Alex was The Nation’s “Beat the Devil” columnist for 28 years and co-edited the internationally popular political journal CounterPunch with his cherished friend, Jeffrey St. Clair.  I never met or even spoke with Alex Cockburn but for five years we exchanged emails about the articles I was writing for CounterPunch.  Alex may have been radical in his writing, but as an editor of the work of others, he was thoughtful, respectful, and appeared to view each written word as a jewel to be polished and protected from the evil doings of knaves.  Alex graduated from Oxford in 1963 with a degree in English literature and language and he was wedded to those roots; perhaps more than easily recognized from his sassy writing.

Once, Jeffrey St.

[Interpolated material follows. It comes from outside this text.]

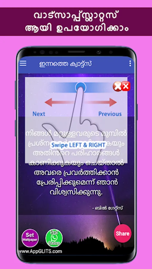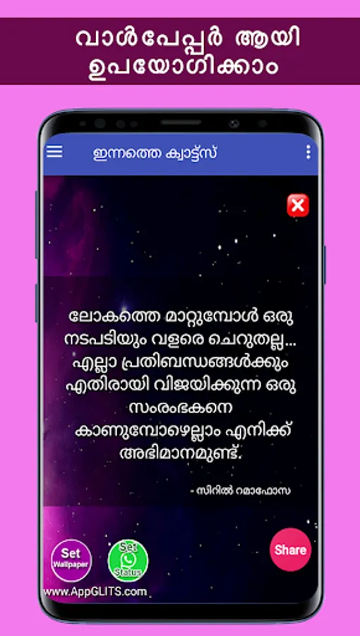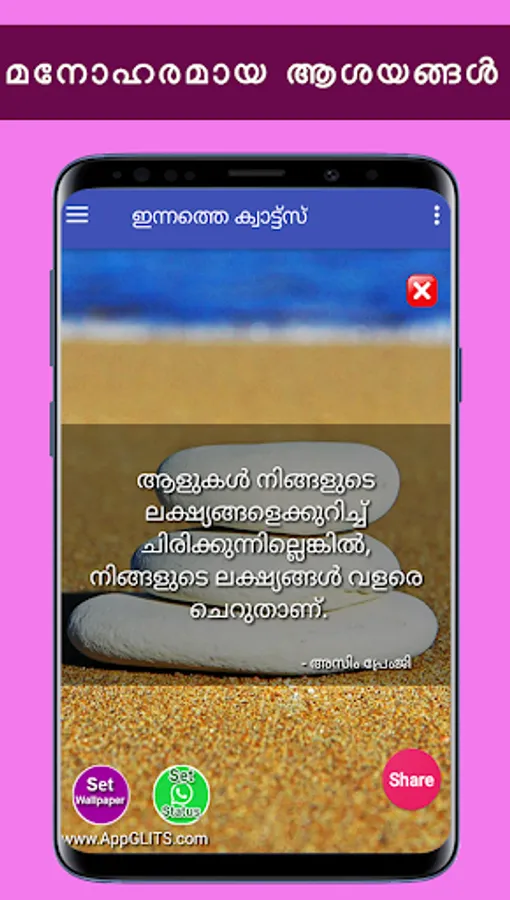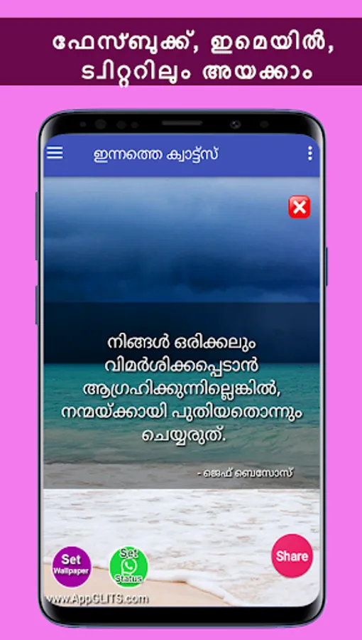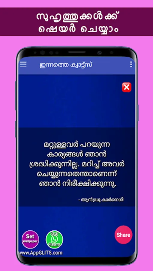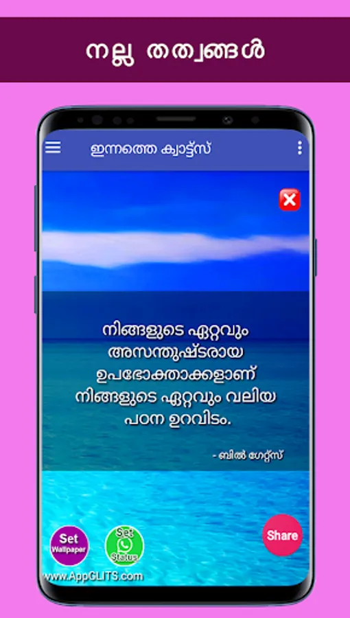 Namaskaram! Ella malayalikalkkum namaskaram.Ee android aplicationil billionaires paranjittulla allenkil avarude lifil ninnum namukk ere upayogapradhamaya quotesukalanu ulppeduthiyirikkunnath. koodathe ee quotesukal nammude munnottulla jeevithathinu valare prachodhanavum nalkunnavayumanu. Ee applicatione nigalude friends, relatives ellavarkkum whatsapp,facebook,email,twitter thudagiya social media vazhi share cheyyuka.
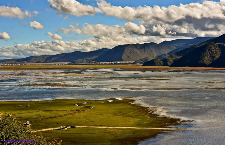 在高原,秋天總會來得早一些,秋風乍起,納帕海已是滿地金黃,遠山、草原、牛羊,這是屬於大西南的塞北風光。

Clair asked me to check over two previous articles I had written on President Obama (about his ties to Wall Street bundlers and lobbyists) for an upcoming book anthology.  I emailed Jeffrey with a copy to Alex to inquire about the punctuation style – since Alex was notorious for moving periods outside quotation marks as done in Britain.  I received a response from Alex the purist: “Chicago Manual of Style – murderer of so much.”

Perhaps I saw a different Alex Cockburn because I viewed him only through the lens of the written word that arrived in my email box.  And more frequently than not, what arrived was about words.  Not politics or radical thoughts – just the proper use of words.